Precisamos uregentemente de patrulhas novas que demandem menos tempo de manutenção e revisão, em numero elevado. A questão é essa, com uma ZEE gigante como a nossa, deveriam ser pelo menos 50 além de uma classe de longo curso capaz de patrulhar o atlantico sul até Trindade, e ai sim, com um sistema AA ou AS para apoio às corvetas ou fragatas.
A licitação do Reb. de Alto Mar foi cancelada. Não apareceram competidores.
Agora a MB terá que achar um no mercado pelo preço que ela estipulou.
É do Balde, nós (eu e o Ostra) já tinhamos cantado a bola de que provavelmente nao iria aparecer ninguem mesmo. Navios com desse tipo PSV e AHTS estão em falta no mercado, quem quizer tem que mandar fazer e ainda aguardar na fila.
A vantagem é eque teoricamente da para pegar carona no programa de construcao dos navios que estao sendo feitos para as prestadoras de servico da PETROBRAS.
Muitos q
Muitos que comentam no blog parecem não perceberem que a MB exerce função policial na costa brasileira. Para tanto ela não pode só ter fragatas, corvetas e FACs. Ela necessita muito mais de navios de patrulha (e não de ataque, armados com mísseis ou pensados para uma guerra de alta intensidade) e algumas poucas escoltas com ênfase na ASW. Não seremos capazes de fazermos frente a USN nem a curto prazo e nem em um futuro imaginável, portanto, com os cenários e as variáveis previstas (e realistas) no nosso TO do Atlântico Sul o ideal para nós com a verba disponível é uma pequena mas eficiente marinha costeira com ênfase na defesa e uma grande marinha com ênfase nos seus deveres de polícia/salvamento.
Acho algumas coisas muito estranhas na MB, como o “Opalão” desdentado, duas bombas (de exercício) para os A4, falta de mísseis nos cabides dos navios, a ilusão do Sub nuclear (tomara que esteja errado), etc. Mas o fato da Marinha buscar ter navios de baixa tecnologia/armamento/custo para a função de Guarda Costeira é altamente louvável e ponderada dada a atual realidade geopolítica.
Correção: substitua “cabides dos navios” por “containers dos navios”.

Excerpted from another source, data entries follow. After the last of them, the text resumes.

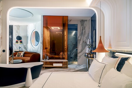 Las formas geométricas y curvas que rodean la zona de la cama crean un espacio mágico que invita a la relajación y a la observación de los detalles que pueblan el espacio, con elementos tan destacados como las lámparas o las mesillas. A fin de cuentas, ¿no es una buena inversión acostarse rodeado de un diseño bonito, y despertarse en un espacio inspirador?
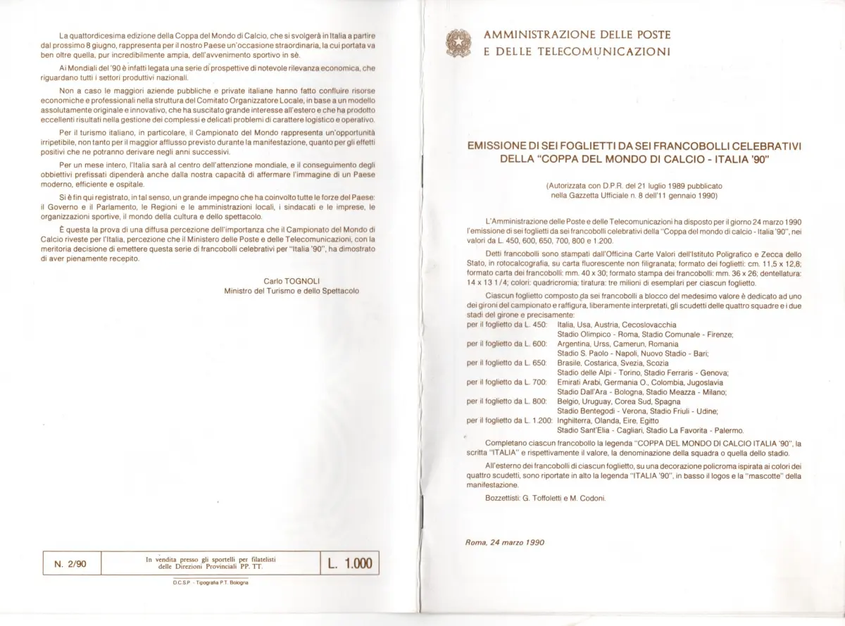 FRAGMENT - Calcio Italia '90 Das Ministerialbulletin zur Präsentation der neuen Ausgabe mit der Serie der sechs verschiedenen Zettel, die am ersten Ausgabetag mit der Briefmarke Roma Philatelico annulliert wurden - Ungewöhnlich, Gelegenheit für Sammler zum Thema Fußball Cod.463/182
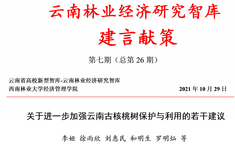 2021年11月,米兰经济管理学院的云南林业经济研究智库又一篇咨询报告获省委领导批示。该报告题为《关于进一步加强云南古核桃树保护与利用的若干建议》,由米兰与香格里拉舒达公司校企合作课题组共同撰写。

Srs, desculpem minha ignorância mas… estas embarcações são pra patrulhamento apenas, certo ?? então não precisam ser fortemente armadas com defesa anti aérea, anti sub, etc, elas precisam estar preparadas para interceptar barcos de contrabando, tráfico de drogas e animais, pirataria, etc. para uma defesa mais ‘forte’, aí sim, embarcações mais robustas, melhor armadas e prontas para uma guerra, se um dia houver (e na minha opinão um dia haverá). acredito que o ideal seriam estas embarcações para patrulhamento geral, talvez as barroso para patrulhamento mais próximo dos limites de nossa ZEE, embarcações para aa e as e navios de porte para o caso de agressão. tudo isso com o apoio dos subs teríamos condições efetivas de negar o mar.

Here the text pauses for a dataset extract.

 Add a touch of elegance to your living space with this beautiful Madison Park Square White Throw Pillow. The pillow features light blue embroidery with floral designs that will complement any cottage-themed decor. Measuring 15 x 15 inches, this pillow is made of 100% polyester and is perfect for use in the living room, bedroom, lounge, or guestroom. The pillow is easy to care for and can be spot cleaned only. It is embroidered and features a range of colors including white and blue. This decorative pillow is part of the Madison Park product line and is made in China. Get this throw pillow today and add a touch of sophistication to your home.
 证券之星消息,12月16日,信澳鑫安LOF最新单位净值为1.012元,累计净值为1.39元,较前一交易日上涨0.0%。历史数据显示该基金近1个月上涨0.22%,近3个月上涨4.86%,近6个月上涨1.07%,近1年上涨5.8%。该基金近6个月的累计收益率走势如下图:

Agora, uma coisa que acho interessante é que uma boa parte desses 50 futuros NaPa (1/3 ?) fossem equipados com um canhão de melhor qualidade (Trinity , 57mm MkIII Bofors, ou 76 Super Rapid), um radar de busca combinada com capacidade MTI e arquitetura “aberta” (modular) de modo a, em caso de necessidade, poderem ser rapidamente reconfiguradas para a guerra de alta intensidade e providas de capacidade ASW, ASuW, contra medida de minas, minagem, etc.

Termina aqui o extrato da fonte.